I thought some of my regular readers would like to know – I caved in.
We had spent some days emailing each other and, in the end, actually sat down to talk. At the end of that, though I had got no real assurances except V’s word, I agreed to do it.
So, this morning it was (almost) done. There is a chance it won’t work out but at least I have tried. The only thing that may stop it is the fact that I do not have a Carta d’Identita. And, I don’t want one.
Last night I learnt that V’s weekend away was, so he says, a type of retreat. However, he was strangely quiet even though we were out to dinner at a friend’s house. Overall, there was an air of sadness. But he’s a good actor and I’m not entirely convinced.
When we were on our own, at the table, for a moment, he told me that he loved me.
I have two possible reactions to this: a) to take him in my arms and say that everything will be alright or b) to be a little snipey after all that he has put me through in the last four months.
Of course, there would also be the ‘be nice but be firm and stick to your resolve’ reaction, which would have been the correct one and for which one would earn £200 after passing GO!
I chose reaction b). Well, to be honest, I didn’t choose it, it just came out of my mouth and, even as I was saying it I SO wanted to go for reaction a).

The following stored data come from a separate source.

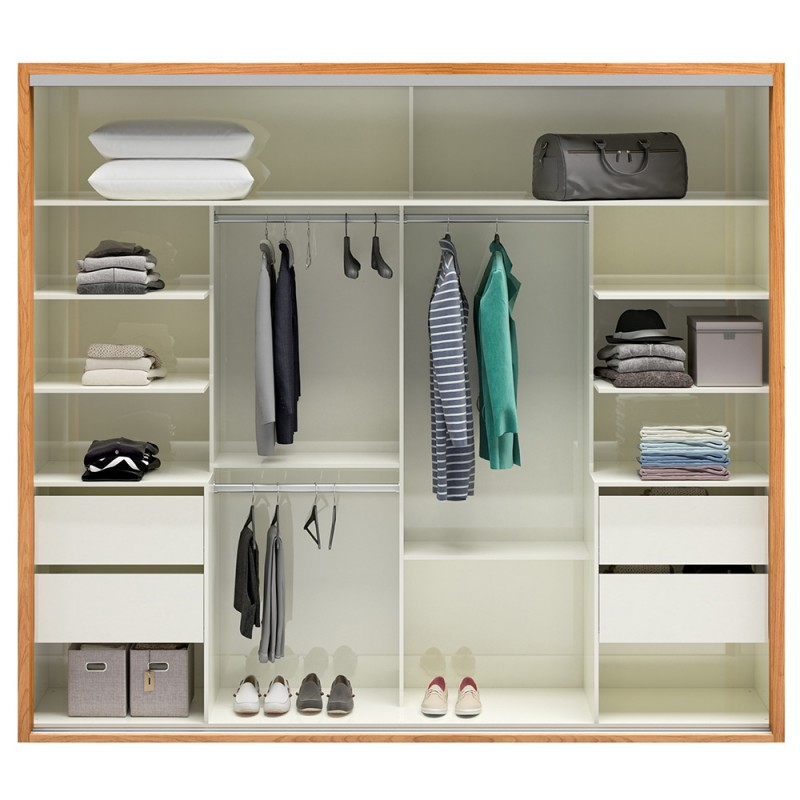 Com 2 portas de correr com corrediças telescópicas com freio e amortecedor, o TW503 entrega o que há de melhor para seu dormitório. Com trilhos, puxadores, cabideiros em alumínio, e um espaço interno planejado com repartimentos bem distribuídos e 4 gaveteiros, este produto perfeito para manter suas roupas e acessórios sempre organizados.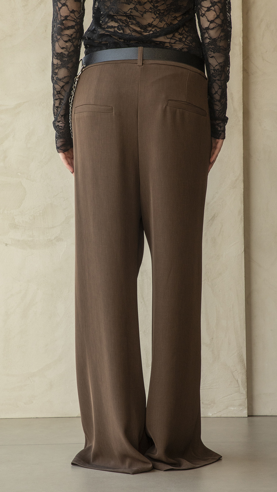 Taglio a palazzo in tessuto super fluido, tasche laterali a scomparsa, e a filetto dietro, chiusura con zip e bottone madreperla, cintura in ecopelle con catena inclusa.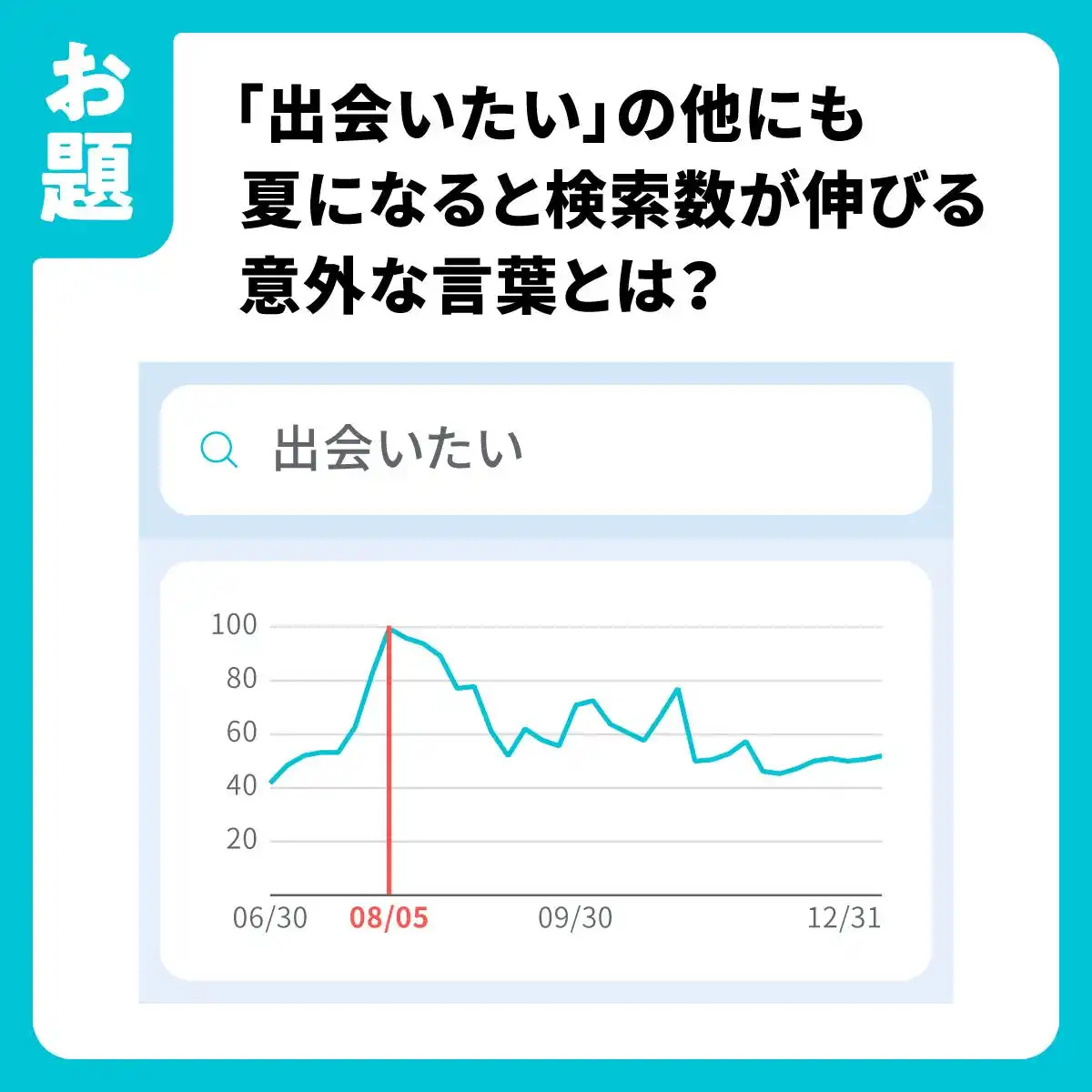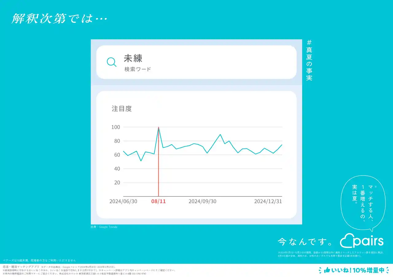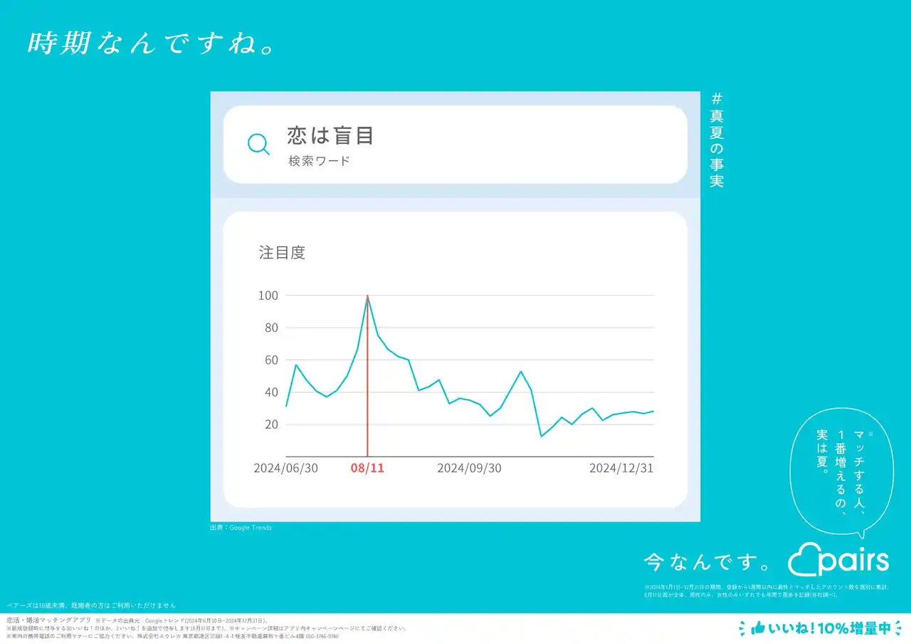 ペアーズはこの夏、恋愛にまつわるさまざまなキーワードをWeb検索のトレンドデータを独自に調査・収集し、#真夏の事実として恋愛にまつわる“意外な事実”をまとめました※2。事実の一つ、検索ワード「王子」は2024年1月1日から12月31日の1年間のうち、8月11日に最も検索されたという#真夏の事実が存在します。また、恋愛の王道キーワード「出会いたい」は8月5日、少しセンチメンタルな「恋は盲目」は8月11日、運命を感じる「ドキドキ」は8月18日等、全9件の“恋愛にまつわるキーワード”が、夏本番の8月に検索されていることを明らかにしました。ペアーズはこれらの#真夏の事実を元に、恋活・婚活に最適な季節が真夏の「今」であることを広告掲載やXキャンペーンで発信します。 |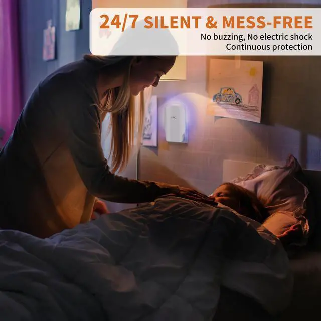 [AI-Powered Six Light] This plug in fly trap indoor uses upgraded six-light technology powered by an AI chip. It automatically adjusts the light frequency to attract flying insects more efficientlyboosting attraction rate by up to 30%. Perfect for gnats, mosquitoes, fruit flies, and house flies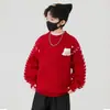 Suéter de Tricô com Gola Vermelha de Ano Novo Unissex para Bebê Suéter Grosso Infantil Quente Macio Estilo Coreano Moderno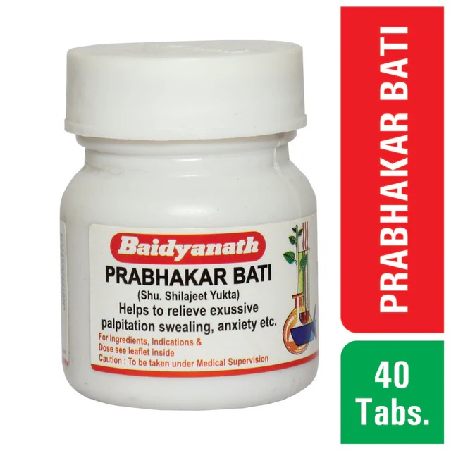 Prabhakar Bati is an herbomineral classical Ayurvedic Medicine available in tablet form used to manage cardiac function naturally with clinically proven herb Arjuna. Arjuna is well known to lower cholesterol levels in the body, allays the symptoms of palpitation, excessive sweating, restlessness, etc. It pacifies Vata and Pitta doshas.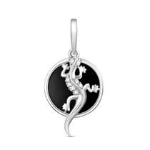 Подвеска из серебра с чёрным агатом и фианитами родированная - Ящерка 925 пробы

The problem is that I then beat myself up about it and think that I am driving the wedge even deeper. Or not? I don’t know. The problem is that, to realise after all this time that, really, he should have not done the things that he did, is not, exactly, late but, well, you can’t expect things to just snap back into place because of the words ‘I love you’, can you?
It certainly is a long and winding road.